Florian or Eric, can you test it on your hardware?
>> +
>> + /* unmap previosly mapped skb */
>> + dma_unmap_single(&ndev->dev, dma_unmap_addr(rx_buff, addr),
>> + dma_unmap_len(rx_buff, len), DMA_FROM_DEVICE);
>
> And then you unmap it. "addr" is the new DMA mapping, not the old one.
The old mapping should be unmapped here. It refer to old skb what contains already
received packet. Because buffer doesn’t belong to EMAC anymore.
That old mapping point to old skb buffer. And netif_receive_skb() will be
called for old skb after that.
The new mapping «addr" will be unmapped then EMAC receive
new packet. Later by the code (after netif_receive_skb()) there are lines for
saving «addr» value:
rx_buff->skb = skb;
dma_unmap_addr_set(rx_buff, addr, addr);
dma_unmap_len_set(rx_buff, len, EMAC_BUFFER_SIZE);
Regards,
Alexander.
From: Alexander Kochetkov <[email protected]>
Date: Tue, 19 Dec 2017 18:49:48 +0300
>> And then you unmap it. "addr" is the new DMA mapping, not the old one.
>
> The old mapping should be unmapped here. It refer to old skb what contains already
> received packet. Because buffer doesn?t belong to EMAC anymore.
> That old mapping point to old skb buffer. And netif_receive_skb() will be
> called for old skb after that.
I misread the code, sorry. I saw the dma_unmap_addr(xxx, addr) and just
considered 'addr' as the local variable. It's not, it's in fact the
TX struct member.
Let me look at this some more. ;-)
From: Alexander Kochetkov <[email protected]>
Date: Tue, 19 Dec 2017 14:03:57 +0300
> Under certain conditions EMAC stop reception of incoming packets and
> continuously increment R_MISS register instead of saving data into
> provided buffer. The commit implement workaround for such situation.
> Then the stall detected EMAC will be restarted.
>
> On device the stall looks like the device lost it's dynamic IP address.
> ifconfig shows that interface error counter rapidly increments.

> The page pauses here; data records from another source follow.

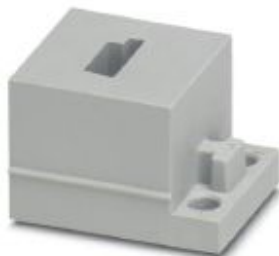
Small, slotted cable sleeves suitable for one AS-i cable (R), material: SEBS, version: right

Please be informed that the data shown in this PDF Document is generated from our Online Catalog. Please find the complete data in the user's documentation. Our General Terms of Use for Downloads are valid ( http://phoenixcontact.com/download )
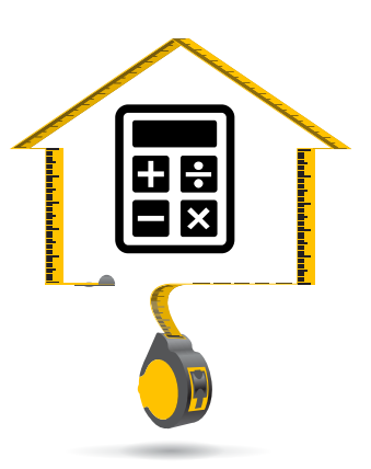
Our ventilation calculator is available online at Quarrix.com

Although Quarrix has been installed on over 6 million homes, a contractor unfamiliar with ridge ventilation may be apprehensive about installing it. Rest assured. Quarrix offers contractors free assistance in completing NFA calculations and determining where to place ventilation for optimal use, based on the size and shape of your roof and your area's weather conditions. "We're more than happy to help contractors," notes Quarrix Product Designer Scott Van Wey. "Most of the time we're simply double-checking house plans, ensuring everyone peace of mind that they're installing the most efficient and beautiful system."
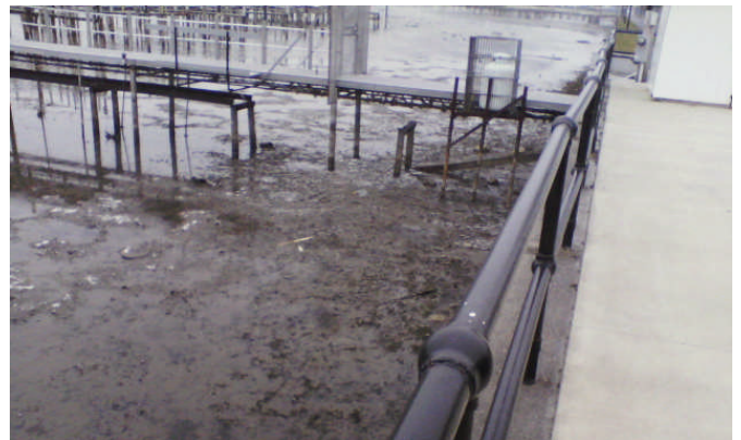
Dec. 27, 2012..record low water. Top is gate to NYC and below Wright Park Beach.

> At the same time on the DHCP server we can see continues DHCP-requests
> from device.
>
> In real network stalls happen really rarely. To make them frequent the
> broadcast storm[1] should be simulated. For simulation it is necessary
> to make following connections:
> 1. connect radxarock to 1st port of switch
> 2. connect some PC to 2nd port of switch
> 3. connect two other free ports together using standard ethernet cable,
> in order to make a switching loop.
>
> After that, is necessary to make a broadcast storm. For example, running on
> PC 'ping' to some IP address triggers ARP-request storm. After some
> time (~10sec), EMAC on rk3188 will stall.
>
> Observed and tested on rk3188 radxarock.
>
> [1] https://en.wikipedia.org/wiki/Broadcast_radiation
>
> Signed-off-by: Alexander Kochetkov <[email protected]>
Applied.
From: Alexander Kochetkov <[email protected]>
Date: Tue, 19 Dec 2017 14:07:04 +0300
> arc_emac_rx() has some issues found by code review.
>
> In case netdev_alloc_skb_ip_align() or dma_map_single() failure
> rx fifo entry will not be returned to EMAC.
>
> In case dma_map_single() failure previously allocated skb became
> lost to driver. At the same time address of newly allocated skb
> will not be provided to EMAC.
>
> Signed-off-by: Alexander Kochetkov <[email protected]>
Applied.
On 12/19/2017 07:49 AM, Alexander Kochetkov wrote:
>
>> 19 дек. 2017 г., в 18:22, David Miller <[email protected]> написал(а):
>>
>> From: Alexander Kochetkov <[email protected]>
>> Date: Fri, 15 Dec 2017 20:20:06 +0300
>>
>>> arc_emac_rx() has some issues found by code review.
>>>
>>> In case netdev_alloc_skb_ip_align() or dma_map_single() failure
>>> rx fifo entry will not be returned to EMAC.
>>>
>>> In case dma_map_single() failure previously allocated skb became
>>> lost to driver. At the same time address of newly allocated skb
>>> will not be provided to EMAC.
>>>
>>> Signed-off-by: Alexander Kochetkov <[email protected]>
>>
>> This patch adds quite a few bugs, here is one which shows this is not
>> functionally tested:
>
> May be I don’t understand correctly, but I don’t see bug here.
>
> Wrong dma mapping usage should immediately manifest itself (kernel
> instability, koops and so on). The patch was tested on rk3188 and work fine for me.
> Also I did simulations of netdev_alloc_skb_ip_align() and dma_map_single()
> faults and can confirm that new error handling work.
>
> Could someone else with ARC EMAC test the patch? I would be very grateful for the help.
> Florian or Eric, can you test it on your hardware?
I don't actually have access to this hardware, the only change I did to
this driver was to use a standard Device Tree property :)
--
Florian